Так-с… Дело немедленно выходит на оперативный уровень. В этом случае первый вопрос: жива ли собака. Если жива, значит, здорова.
Начальство командирует Гуревича в полицию, где данного психа должны отлично знать. Такие придурки – как кинозвезды, говорит Дафна, они всем известны.
В полицейском отделении сидят двое симпатичных молодых полицейских, готовых отфутболить любого на первой же фразе. Но Гуревича голыми руками не возьмёшь, к тому же он – лицо официальное, министерское, ну и истории рассказывать умеет: бедная мама, покусанный ребёнок, бездомный псих, чокнутая псина… Рассказывает чуть ли не со слезами на глазах и разве что не лает в изобразительных целях. Главное: лицо ребёнку придётся обкалывать, а это уже серьёзно.
Полицейские тоже становятся серьёзными: все они любвеобильные восточные папаши. Номер мобильного телефона бомжа в хасидском малахае извлекается из базы данных почти мгновенно: правильно замечено, что такие люди нарасхват, они персоны публичные. Зовут Рами, фамилия Коэн. Здесь это всё равно как Петя Иванов. Один из полицейских набирает номер, переключает телефон в режим громкой связи, и следующие минут пять в помещении слышны юродивые вопли бездомного придурка, у которого всего-то и пытаются узнать: жива ли его проклятая собака. «Я на тебя срать хотел! Я тебя имел туда-сюда! – разносится по всему полицейскому участку, – я твою маму знать хотел там и сям! – Поразительно, насколько совпадают в матерной ругани разных народов топография и обозначения анатомических деталей! – И меня ты не найдёшь, и собаку мою не достанешь, и вообще, я живу в Ашкелоне!»
Он отключается, а Гуревич думает: интересно, что своего пса этот бродячий псих защищает куда лучше так называемых интеллигентных людей.
Между тем время идёт, ребёнка необходимо обезопасить, – неужели придётся обкалывать ему лицо?
– Ребёнок! – вскрикивает Гуревич, едва ли не рыдая. – За что он должен терпеть такую боль!
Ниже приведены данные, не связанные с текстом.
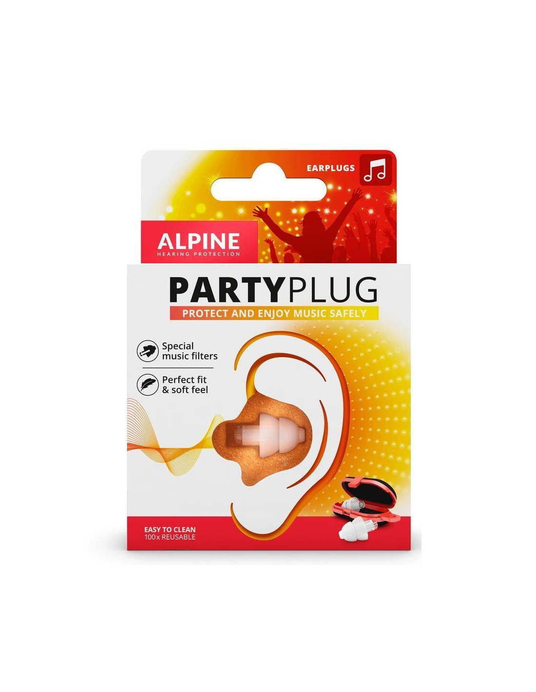 Cuando asistes a un concierto o festival, deseas disfrutar de la música sin sufrir pérdida auditiva. Los tapones para los oídos Alpine PartyPlug están diseñados específicamente para reducir el volumen de la música a niveles seguros, al mismo tiempo que te permiten disfrutar de una alta calidad de sonido y comunicación con amigos. Los tapones para los oídos PartyPlug se pueden usar todo el día (o toda la noche). El material termoplástico suave y flexible significa que el tapón para los oídos se moldea a tu canal auditivo. Además, el material es hipoalergénico y libre de siliconas.
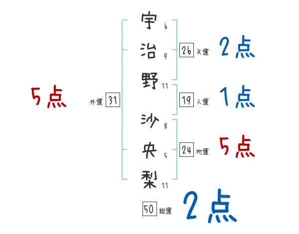 天運![]() | 宇治野沙央梨さんの天運は26画の2つ星!波瀾万丈かも。信頼できる人を大事にしましょう。 家系が持つ宿命的な運勢を表します。祖先から受け継いだ苗字ですので自分の力が及びません。家柄を象徴します。 |
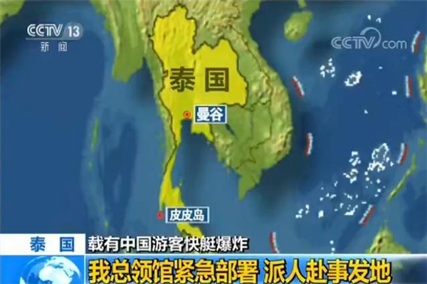 14日,泰國知名旅游景點皮皮島附近發(fā)生快艇發(fā)動機爆炸事件。事發(fā)快艇上當時共載有27名中國游客,以及數名泰國公民。經中國駐泰國宋卡總領事館確認,27名中國游客已被救上岸。中國游客都有不同程度受傷,其中5人受重傷,但都沒有生命危險。
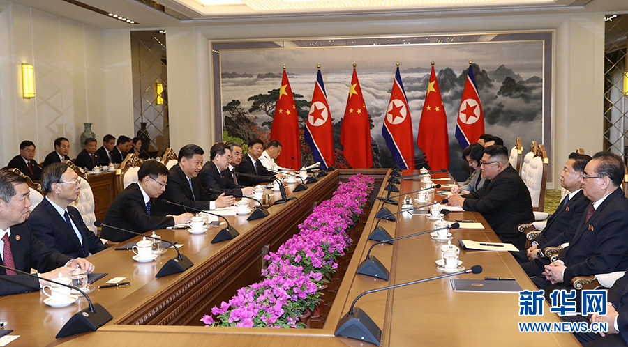 新华社平壤6月20日电 6月20日,中共中央总书记、国家主席习近平在平壤锦绣山迎宾馆同朝鲜劳动党委员长、国务委员会委员长金正恩会谈。双方一致同意,在新的历史起点上,中朝双方愿不忘初心、携手前进,共同开创两党两国关系的美好未来。
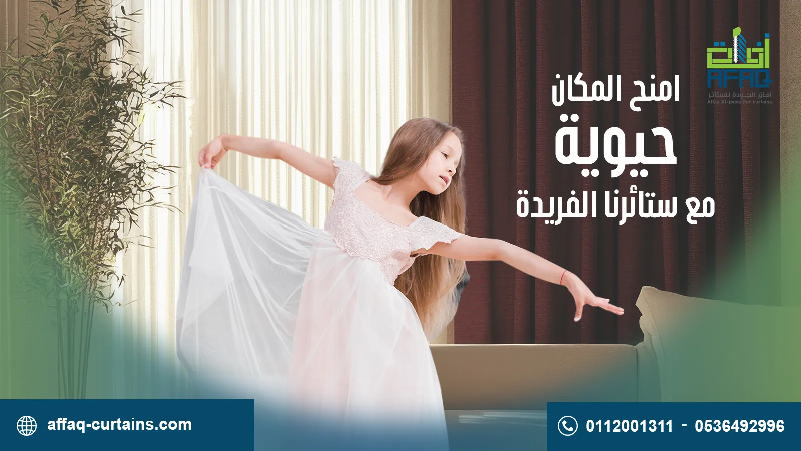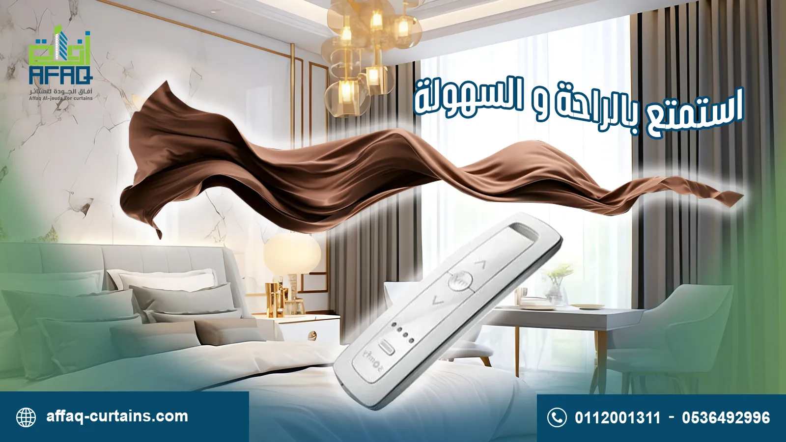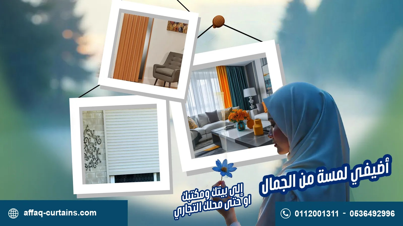 في "آفاق الجودة للستائر"، نقدم حلولاً متكاملة للستائر والتصميم الداخلي. نعمل بشغف على تحويل كل مساحة إلى تجربة بصرية تجمع بين الأناقة والوظيفة.
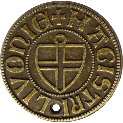 | Obverse description | Hollow cross in shield surrounded by legend with symbol at bottom. |

И тогда вступает в действие круговая порука сердобольных израильских папаш, которые тут по случаю оказались полицейскими при исполнении. Они мгновенно связываются с полицейским управлением в Ашкелоне, и разговор их течёт, журчит и вьётся, как лепет струй, как щебет двух мамочек на детской площадке:
«Послушай, душа моя… не стал бы тебя беспокоить, но дело в ребёнке… Совсем малыш, бедняга… такие страдания… Представь, как он будет плакать…»
И так далее. Минут пять по кабинету разносится жалостливая поэма, опять же, во всенародном звучании…
(Чего Гуревич на дух не переносит, так это местный восточный рахат-лукум в каждой фразе: вот это самое «душа моя!» – обращённое к мужчине, к женщине, к ребёнку, к почтовому и банковскому чиновнику, к начальнику и к подчинённому. Нет! Никогда и никто не заставит Гуревича, урождённого ленинградца, человека сдержанных чувств, обратиться к незнакомому человеку с этим дурацким сиропом на устах!)
Разговор двух полицейских между тем вышел на сухой информационный уровень. Здесь это выглядит так:
– Да, у нас в Ашкелоне всем известен этот подонок Рами. Ну, не подонок, слушай, у него справка, он ранен в голову в Первую Ливанскую кампанию. Когда-то был нормальным парнем, как мы с тобой, теперь же – сам понимаешь. Живёт у сестры, она выгоняет его время от времени, особенно летом, и её, несчастную, можно понять… Этот самый пёс – он его единственный друг, парень. Бросается на любого, кто приблизится к хозяину. Так что извини, душа моя, это мамаша виновата: недоглядела. Лучше надо за ребёнком присматривать.
– …да, но ребёнок, малыш, представь это невинное личико и здоровенную иглу! Вот у меня тут сидит мучитель, фашист из министерства, только и ждёт, чтобы всадить в розовую щёчку… – При этом он вытаращивает глаза и машет возмущённому Гуревичу: мол, брось, не обращай внимания! – Душа моя, представь, какие это страдания! Не мог бы ты мне – одолжение, пустяк… за мной не заржавеет. Пошли по адресу кого-то из твоих ребят, пусть только глянет: собака жива? Если жива, значит, здорова, сволочь. И ребёнок не будет мучиться. Крошка невинная… только представь на его месте своего сыночка, душа моя! Пусть глянет одним глазком – сидит ли она там, во дворе, эта бешеная пиляд!…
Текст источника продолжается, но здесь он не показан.